As of 2017, there were 68.5 million refugees fleeing persecution and war all over the world, according to the Office of the United Nations High Commissioner for Refugees. It’s a record number for a community often met with disdain and discrimination by countries it hopes might offer shelter and safety.

The UNHCR number includes 25.4 million refugees, 40 million internally displaced people and 3.1 million asylum seekers. The number of refugees in 2017 was nearly 3 million higher than the figure for 2016, The Independent reports, and only 100,000 were resettled by the international community.

“What we are seeing in this data is overall displacement at an unprecedented high six years in a row,” Matthew Saltmarsh, a UNHCR spokesman, told The Guardian. “In terms of refugee numbers it is the largest increase in a single year.”

The numbers may be swelling, but they are not being met with a corresponding increase in resettlement help and other support. In fact, it’s often the opposite.

In the United States, the Trump administration’s family separation practices are receiving intense scrutiny amid reports of young children being taken from their parents at the U.S.-Mexico border and forced into detention centers. According to The New York Times, nearly 2,000 children have been detained in a six-week period. In a White House briefing Monday, President Trump defended his policy, saying that undocumented migrants “could be murderers and thieves and so much else.”

The United States’ harsh immigration policies are not unusual in today’s world. As Bloomberg reports, disagreements over whether to accept refugees are threatening to overtake an upcoming European Union summit:

In the run-up to the June 28-29 summit that is supposed to be focusing on euro-area integration and Brexit, Spain is attacking Italy’s hardening stance on refugees while French President Emmanuel Macron is calling for a revamp of the EU’s system for sharing the burden of asylum seekers. Three years after droves of people fleeing wars and chaos in the Middle East and North Africa threatened to overwhelm the EU, the immigration crisis threatens to throw European politics into disarray once more.

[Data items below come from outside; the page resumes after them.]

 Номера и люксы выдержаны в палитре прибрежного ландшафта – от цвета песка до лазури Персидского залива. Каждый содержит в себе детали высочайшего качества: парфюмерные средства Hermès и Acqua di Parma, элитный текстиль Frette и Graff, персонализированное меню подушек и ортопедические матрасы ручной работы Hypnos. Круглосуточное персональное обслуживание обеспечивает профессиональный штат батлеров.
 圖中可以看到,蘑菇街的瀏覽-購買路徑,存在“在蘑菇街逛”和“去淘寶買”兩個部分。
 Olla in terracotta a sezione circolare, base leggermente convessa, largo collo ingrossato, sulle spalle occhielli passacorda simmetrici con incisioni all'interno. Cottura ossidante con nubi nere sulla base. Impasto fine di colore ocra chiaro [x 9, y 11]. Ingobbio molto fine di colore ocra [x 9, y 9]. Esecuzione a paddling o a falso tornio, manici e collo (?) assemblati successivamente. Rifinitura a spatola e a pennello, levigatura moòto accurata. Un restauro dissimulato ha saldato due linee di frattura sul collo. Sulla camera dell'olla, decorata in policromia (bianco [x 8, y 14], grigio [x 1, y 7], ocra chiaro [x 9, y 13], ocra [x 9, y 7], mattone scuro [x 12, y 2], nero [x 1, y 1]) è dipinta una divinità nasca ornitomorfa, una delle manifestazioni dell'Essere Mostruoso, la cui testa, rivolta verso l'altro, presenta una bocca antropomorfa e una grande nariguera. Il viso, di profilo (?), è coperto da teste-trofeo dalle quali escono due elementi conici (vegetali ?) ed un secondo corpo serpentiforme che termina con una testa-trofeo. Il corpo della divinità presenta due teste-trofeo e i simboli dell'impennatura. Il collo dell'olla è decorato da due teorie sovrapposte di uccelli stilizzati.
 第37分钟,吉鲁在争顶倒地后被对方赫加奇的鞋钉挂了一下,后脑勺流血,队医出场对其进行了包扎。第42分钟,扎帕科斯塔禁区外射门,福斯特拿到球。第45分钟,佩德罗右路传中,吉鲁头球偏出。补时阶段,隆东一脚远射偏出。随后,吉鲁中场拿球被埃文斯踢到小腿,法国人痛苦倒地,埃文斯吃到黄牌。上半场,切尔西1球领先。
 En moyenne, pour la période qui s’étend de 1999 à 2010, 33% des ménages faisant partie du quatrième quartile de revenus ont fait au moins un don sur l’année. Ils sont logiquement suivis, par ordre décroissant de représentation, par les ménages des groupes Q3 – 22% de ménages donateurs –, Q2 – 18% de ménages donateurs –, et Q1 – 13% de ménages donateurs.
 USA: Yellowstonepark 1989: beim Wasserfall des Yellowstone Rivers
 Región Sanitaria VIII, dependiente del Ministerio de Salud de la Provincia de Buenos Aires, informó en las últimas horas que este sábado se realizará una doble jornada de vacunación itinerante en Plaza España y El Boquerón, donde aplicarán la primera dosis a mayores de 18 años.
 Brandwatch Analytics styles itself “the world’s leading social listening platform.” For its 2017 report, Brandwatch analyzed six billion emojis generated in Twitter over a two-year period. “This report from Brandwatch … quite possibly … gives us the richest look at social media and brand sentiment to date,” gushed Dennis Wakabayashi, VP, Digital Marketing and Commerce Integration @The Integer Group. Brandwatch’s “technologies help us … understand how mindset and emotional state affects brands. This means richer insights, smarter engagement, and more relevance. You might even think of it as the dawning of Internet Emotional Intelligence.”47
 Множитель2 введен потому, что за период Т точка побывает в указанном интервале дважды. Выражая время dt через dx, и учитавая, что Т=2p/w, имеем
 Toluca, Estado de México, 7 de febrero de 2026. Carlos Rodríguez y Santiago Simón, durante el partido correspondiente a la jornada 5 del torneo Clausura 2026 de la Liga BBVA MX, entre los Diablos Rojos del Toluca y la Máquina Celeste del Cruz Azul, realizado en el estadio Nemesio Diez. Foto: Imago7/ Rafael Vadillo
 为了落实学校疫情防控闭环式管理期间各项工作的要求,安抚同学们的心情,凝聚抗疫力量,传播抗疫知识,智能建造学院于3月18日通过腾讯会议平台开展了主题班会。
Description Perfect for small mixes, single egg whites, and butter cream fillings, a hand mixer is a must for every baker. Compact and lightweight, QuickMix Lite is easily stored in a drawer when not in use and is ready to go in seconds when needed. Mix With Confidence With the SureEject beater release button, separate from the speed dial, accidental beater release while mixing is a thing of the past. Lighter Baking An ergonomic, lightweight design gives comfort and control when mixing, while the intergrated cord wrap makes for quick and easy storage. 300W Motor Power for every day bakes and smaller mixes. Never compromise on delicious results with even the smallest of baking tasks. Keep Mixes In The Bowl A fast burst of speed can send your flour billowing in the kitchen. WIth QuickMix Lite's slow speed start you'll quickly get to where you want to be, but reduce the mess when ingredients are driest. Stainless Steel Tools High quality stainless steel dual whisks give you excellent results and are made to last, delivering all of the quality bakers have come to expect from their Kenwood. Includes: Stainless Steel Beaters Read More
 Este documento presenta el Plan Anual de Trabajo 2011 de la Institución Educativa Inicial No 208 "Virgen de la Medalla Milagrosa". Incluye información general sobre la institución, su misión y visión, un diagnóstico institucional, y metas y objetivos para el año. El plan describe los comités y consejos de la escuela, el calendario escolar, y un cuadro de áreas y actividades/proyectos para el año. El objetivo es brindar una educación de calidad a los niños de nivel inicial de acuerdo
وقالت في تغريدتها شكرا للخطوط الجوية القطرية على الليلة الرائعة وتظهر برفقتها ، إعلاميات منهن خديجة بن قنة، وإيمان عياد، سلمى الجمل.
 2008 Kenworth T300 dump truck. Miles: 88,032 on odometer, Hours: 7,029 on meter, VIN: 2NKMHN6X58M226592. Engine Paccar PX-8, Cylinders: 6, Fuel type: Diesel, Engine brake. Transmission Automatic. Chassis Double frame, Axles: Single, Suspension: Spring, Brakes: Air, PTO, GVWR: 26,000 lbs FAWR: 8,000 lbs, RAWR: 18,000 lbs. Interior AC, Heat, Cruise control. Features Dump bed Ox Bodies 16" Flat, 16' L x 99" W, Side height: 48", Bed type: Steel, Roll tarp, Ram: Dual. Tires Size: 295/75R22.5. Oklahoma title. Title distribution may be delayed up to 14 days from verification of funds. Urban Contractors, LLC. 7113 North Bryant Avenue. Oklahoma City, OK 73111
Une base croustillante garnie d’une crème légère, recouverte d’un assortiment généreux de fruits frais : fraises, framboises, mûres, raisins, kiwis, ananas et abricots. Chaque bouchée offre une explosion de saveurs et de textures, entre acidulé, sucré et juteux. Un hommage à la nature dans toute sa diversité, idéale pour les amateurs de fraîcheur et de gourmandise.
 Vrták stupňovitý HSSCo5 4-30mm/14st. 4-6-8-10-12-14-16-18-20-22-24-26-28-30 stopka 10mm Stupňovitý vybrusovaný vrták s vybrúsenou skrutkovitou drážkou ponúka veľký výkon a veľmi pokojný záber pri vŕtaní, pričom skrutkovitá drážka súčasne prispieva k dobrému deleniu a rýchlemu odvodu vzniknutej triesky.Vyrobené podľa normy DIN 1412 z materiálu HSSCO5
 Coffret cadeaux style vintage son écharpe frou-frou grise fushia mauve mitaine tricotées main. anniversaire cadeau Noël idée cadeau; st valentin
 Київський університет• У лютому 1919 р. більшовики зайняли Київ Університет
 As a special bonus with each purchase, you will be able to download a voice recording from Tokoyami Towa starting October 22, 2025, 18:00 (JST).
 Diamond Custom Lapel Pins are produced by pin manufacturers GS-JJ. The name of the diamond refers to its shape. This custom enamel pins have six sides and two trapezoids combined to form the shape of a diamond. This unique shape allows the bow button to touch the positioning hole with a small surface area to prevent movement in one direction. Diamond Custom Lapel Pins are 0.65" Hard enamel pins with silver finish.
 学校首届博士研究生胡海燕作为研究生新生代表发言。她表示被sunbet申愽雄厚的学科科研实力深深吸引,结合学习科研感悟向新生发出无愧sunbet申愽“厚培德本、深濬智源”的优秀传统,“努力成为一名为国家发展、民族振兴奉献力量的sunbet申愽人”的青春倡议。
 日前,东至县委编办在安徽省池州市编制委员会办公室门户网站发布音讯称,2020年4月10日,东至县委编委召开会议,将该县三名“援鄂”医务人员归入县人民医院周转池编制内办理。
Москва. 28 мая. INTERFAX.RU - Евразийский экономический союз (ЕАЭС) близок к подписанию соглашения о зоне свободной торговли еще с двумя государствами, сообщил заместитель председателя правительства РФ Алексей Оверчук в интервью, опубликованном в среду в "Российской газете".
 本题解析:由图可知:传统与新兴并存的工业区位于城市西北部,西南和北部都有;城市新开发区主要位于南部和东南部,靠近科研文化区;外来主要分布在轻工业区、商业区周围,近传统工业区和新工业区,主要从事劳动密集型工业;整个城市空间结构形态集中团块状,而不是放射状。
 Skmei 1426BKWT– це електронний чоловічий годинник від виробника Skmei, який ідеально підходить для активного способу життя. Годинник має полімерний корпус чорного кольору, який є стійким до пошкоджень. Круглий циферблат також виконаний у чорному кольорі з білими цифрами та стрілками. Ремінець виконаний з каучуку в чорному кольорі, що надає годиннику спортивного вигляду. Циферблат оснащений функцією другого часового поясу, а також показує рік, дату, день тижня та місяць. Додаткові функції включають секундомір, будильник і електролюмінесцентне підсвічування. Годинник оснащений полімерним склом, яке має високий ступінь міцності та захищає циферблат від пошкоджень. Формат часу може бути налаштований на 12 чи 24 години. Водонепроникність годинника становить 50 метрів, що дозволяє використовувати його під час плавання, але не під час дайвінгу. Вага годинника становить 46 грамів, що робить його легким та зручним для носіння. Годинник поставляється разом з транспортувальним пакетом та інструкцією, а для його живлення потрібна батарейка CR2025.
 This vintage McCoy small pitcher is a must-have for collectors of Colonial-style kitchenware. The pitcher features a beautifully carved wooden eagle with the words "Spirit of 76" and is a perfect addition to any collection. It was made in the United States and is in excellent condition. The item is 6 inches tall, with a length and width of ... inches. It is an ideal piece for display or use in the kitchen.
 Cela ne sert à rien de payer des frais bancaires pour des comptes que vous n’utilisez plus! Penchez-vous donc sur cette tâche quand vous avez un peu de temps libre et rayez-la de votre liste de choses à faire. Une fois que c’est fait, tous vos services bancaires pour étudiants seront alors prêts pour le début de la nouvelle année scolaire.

The outlook for the 68.5 million displaced people remains bleak.

Hungary’s new ultra-right government is considering legislation that would make giving food to refugees illegal.

Last week, Italy refused to let a rescue ship with 600 refugees dock at any of its ports. As The Independent reported, it tried to divert them to Malta, which “brushed off the request [to dock], saying it had nothing to do with the rescue operation.”

Matteo Salvini, Italy’s new interior minister, is the leader of the Northern League, which bills itself as an anti-immigration party.